77 ‘This world of words hath but two hundred and fifty prime radices, upon which all the rest are branched: for better understanding whereof, with all its dependant boughs, sprigs and ramelets, I have before my lexicon set down the division thereof (making use of another allegory) into so many cities, which are subdivided into streets, they again into lanes, those into houses, these into stories, whereof each room standeth for a word; and all these so methodically, that who observeth my precepts therein shall at the first hearing of a word know to what city it belongeth, and consequently not to be ignorant of some general signification thereof, till after a most exact prying into all its letters, finding the street, lane, house, story and room thereby denotated, he punctually hit upon the very proper thing it represents in its most specifical signification’. [73]
78 ‘Such as will harken to my instructions, if some strange word be proposed to them, whereof there are many thousands of millions deviseable by the wit of man which never hitherto by any breathing have been uttered, shall be able, although he know not the ultimate signification thereof, to declare what part of speech it is; or if a noun, unto what predicament or class it is to be reduced; whether it be the sign of a real or notional thing, or somewhat concerning mechanic trades in their tools, or terms; or if real whether natural or artificial, complete, or incomplete; for words here do suppone for the things which they signify … ’[72]

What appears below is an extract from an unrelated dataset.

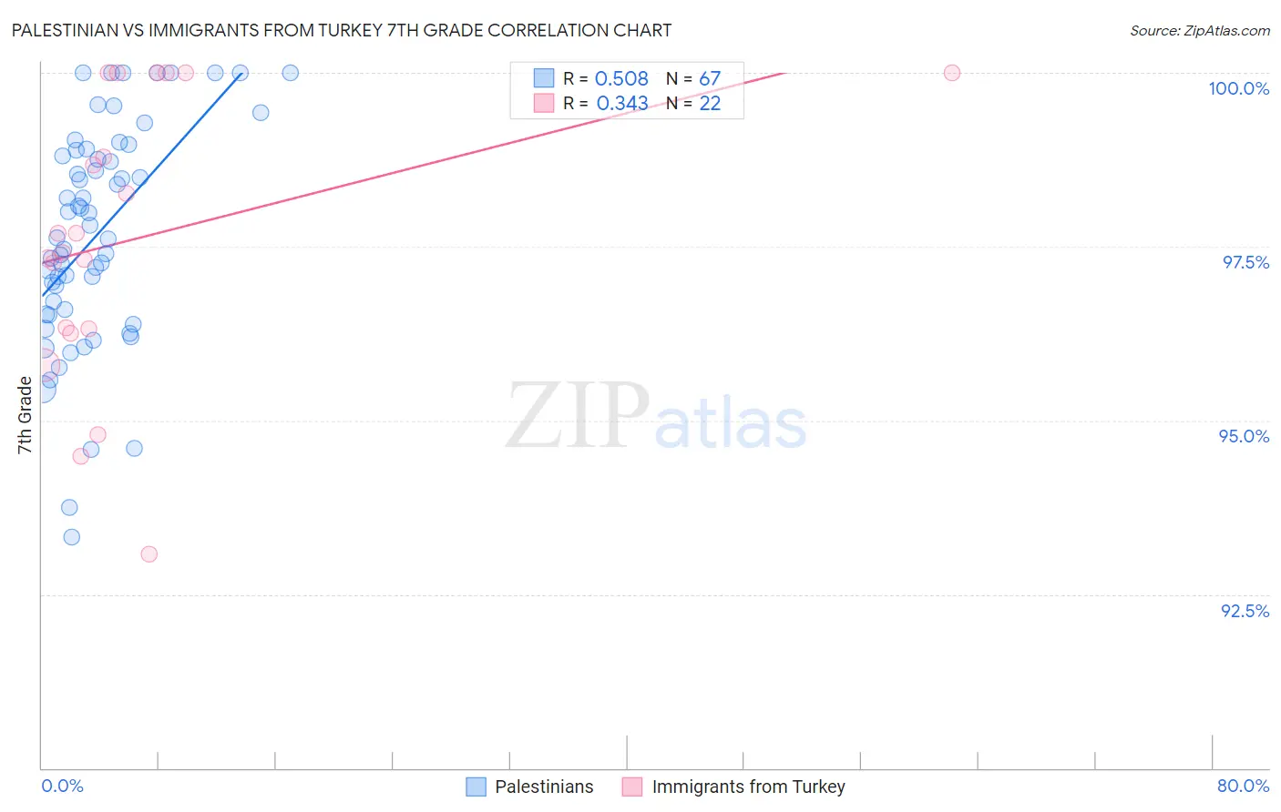 Palestinian vs Immigrants from Turkey 7th Grade Correlation Chart
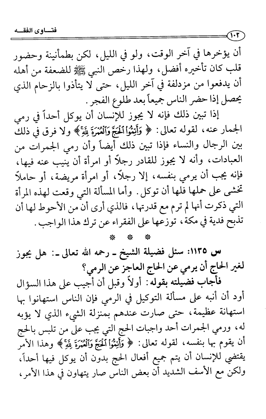 س1135: سئل فضيلة الشيخ- رحمه الله تعالى-: هل يجوز لغير الحاج أن يرمي عن الحاج العاجز عن الرمي؟

79 Features like the ending and stem vowel show the tense (present, imperfect, … – 7 possibilities in all), voice (active, middle, or passive), mood (indicative, imperative, subjunctive, or optative), person (first, second, or third), and number (singular, dual, or plural), thus up to 7 × 3 × 4 × 3 × 3 = 756 possibilities, plus another 120 forms as a participle (verbal adjective) allowed 2 numbers, 3 genders, 4 cases, and 5 tenses (C. A. E. Luschnig, An Introduction to Ancient Greek: A Literary Approach, 2nd ed. (Indianapolis, 2007): verb forms explained 17–18 and tabulated 298–300; participles 135–39 and 288–89). The Commission on Enzymes of the International Union of Biochemistry similarly classified the thousands of enzymes catalyzing biochemical reactions by a four-number code giving the major class (oxidoreductase, transferase, hydrolase, etc.), sub- and sub-sub-classes, and finally the individual enzyme. Enzyme 1.11.1.6, for instance, is catalase, which decomposes hydrogen peroxide (Marcel Florkin and Elmer H. Stotz, eds., Enzyme Nomenclature, Comprehensive Biochemistry, 2nd ed., vol. 13 (Amsterdam, 1965)).
80 Urquhart seems to have anticipated, and forgiven, this outcome, saying in ‘The Finall Conclusion’ to The Trissotetras:
But as for such, who, either understanding it not, or vain-gloriously being accustomed to Criticise on the Works of others, will presume to carp therein at what they cannot amend, I pray God to illuminate their Judgments, and rectifie their Wils,* that they may know more, and censure lesse: for so by forbearing detraction, the venom whereof must needs reflect upon themselves, they will come to approve better of the endeavours of those, that wish them no harme.